We have a couple of grade school children, whom we both love very much, but I after they passed out of their toddler years I have pretty much been their major source of nurture. My wife, who received no love from a mother growing up, is short-tempered and has unrealistic expectations for the behavior of young children. Until recently I was home quite a bit with the kids, but a new job has me away all day now and my wife has growth hostile to being "cooped up" with the kids. She was always in agreement that she wanted to stay home with them until school age, but she still hasn't really made movement to get any sort of job. She does very little around the house, I generally end up doing dishes and laundry just to keep us clothed for school and work.

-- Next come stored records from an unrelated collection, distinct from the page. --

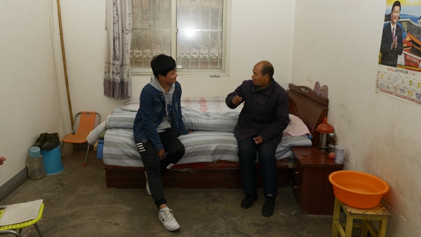 楊斜敬老院坐落在楊斜鎮(zhèn)的一個(gè)村莊里,青年志愿服務(wù)隊(duì)冒雨來(lái)到敬老院。一進(jìn)院子,這些常年生活在這里的孤寡老人們像見(jiàn)到親人般喜出望外,因?yàn)榻?jīng)常來(lái)往,大家很快就和老人們互動(dòng)起來(lái)。同學(xué)們?cè)谠鹤永锍?、跳舞、說(shuō)相聲,為老人表演節(jié)目,給這個(gè)寧?kù)o的院子帶來(lái)了歡聲笑語(yǔ),吸引了周邊村民前來(lái)觀看。管發(fā)亮老人激動(dòng)地告訴我們,自己今年64歲了,無(wú)兒無(wú)女,曾經(jīng)在街頭靠乞討生活,在政府的救助下,1992年來(lái)到敬老院,過(guò)上了有衣穿有飯吃的幸福生活。說(shuō)到高興處,管發(fā)亮吼起了秦腔,一連唱起《社會(huì)主義好》《回娘家》等歌曲。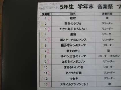 今年最後の音楽の授業で、音楽祭をしました。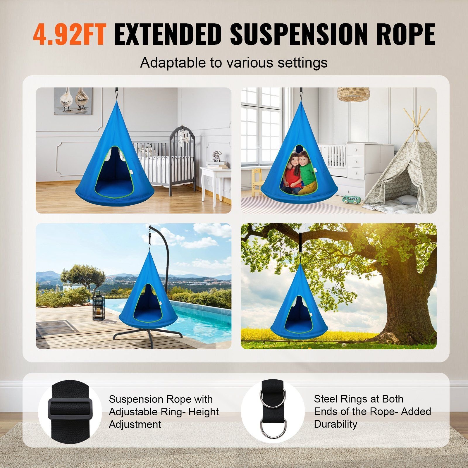 Home > VEVOR Kids Nest Swing Chair, Hanging Hammock Chair with Adjustable Rope, Hammock Swing Chair for Kids Indoor and Outdoor Use (39" D x 52" H)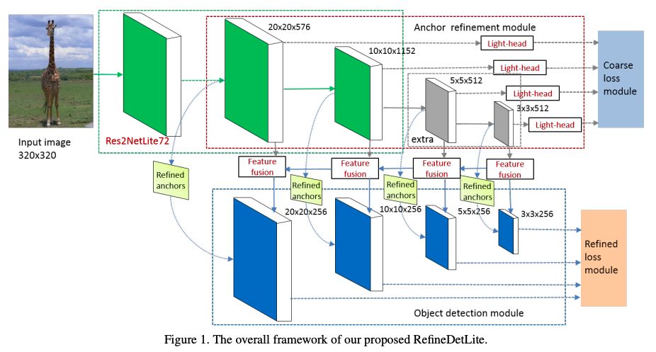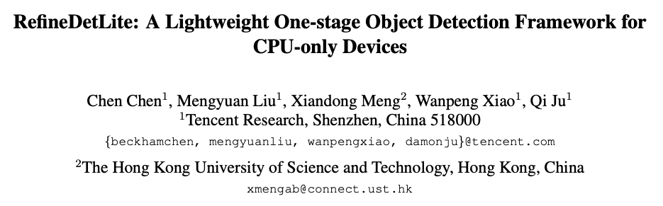 前几天腾讯公布了一篇论文RefineDetLite: A Lightweight One-stage Object Detection Framework for CPU-only Devices,提出一种面向CPU设备的轻量级一阶段目标检测网络RefineDetLite,其在MSCOCO 上可以达到精度29.4 AP,同时在Intel 6700 @3.4G HZ 型号CPU上可以跑到130ms/图片(320X320),是目前轻量级通用目标检测网络的佼佼者。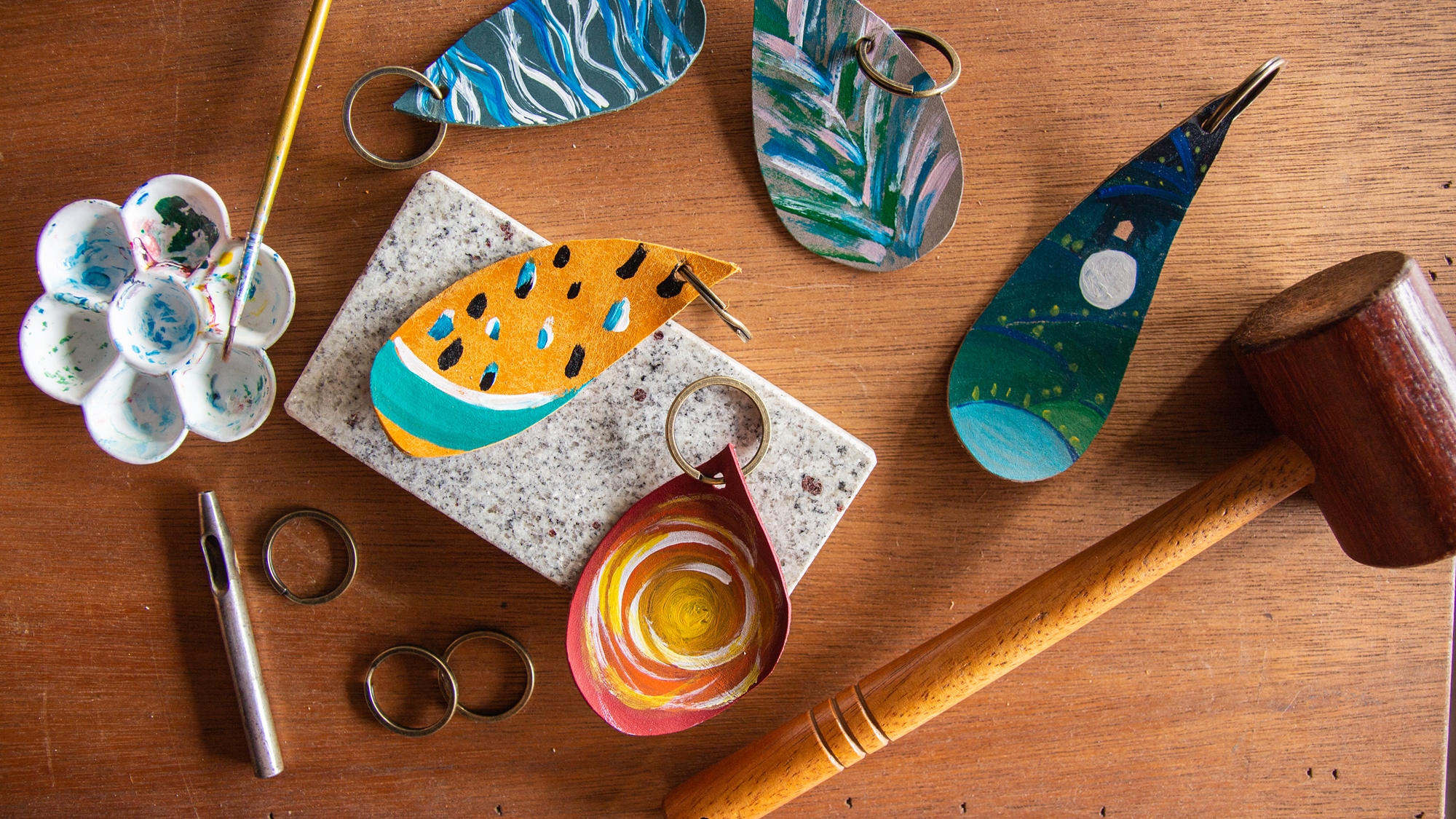 ★彩繪雨滴皮革鑰匙圈

Add to this she suffers depression and you can imagine our struggle.
Lately we are distant and disconnected.
I'm hoping we can find a path out of this darkness but don't know what to do. Good counselors are scare around here, but I am looking and hoping she will go.
I don't mean to sound like a saint. I should have taken charge long ago and not just withdrawn from her hostility. I suppose I knew I was punishing her more from withdrawing.
We both are vehemently opposed to divorce. But we are looking at some sad days ahead if we don't get help.
I just needed to tell somebody. Pray for us.

candelaria
15th April 2006, 05:50 AM
I am a woman who has been married for 11 years. I was also sexually abused and find that it is a problem in my marriage. It's so hard to explain - as much as you want to move on - you can't. I continue to pray about it and try to move on. One of the problems that I am having is that I feel my husband views our problems as my fault because of my previous abuse. I find myself becoming more and more isolated, because I'm afraid if I talk about it that he will use it as the only reason for our problems. When I pray for my marriage I will also pray for yours. Sometimes it feels as though your all alone - it helps to know that there are other people out there struggling with the same issues.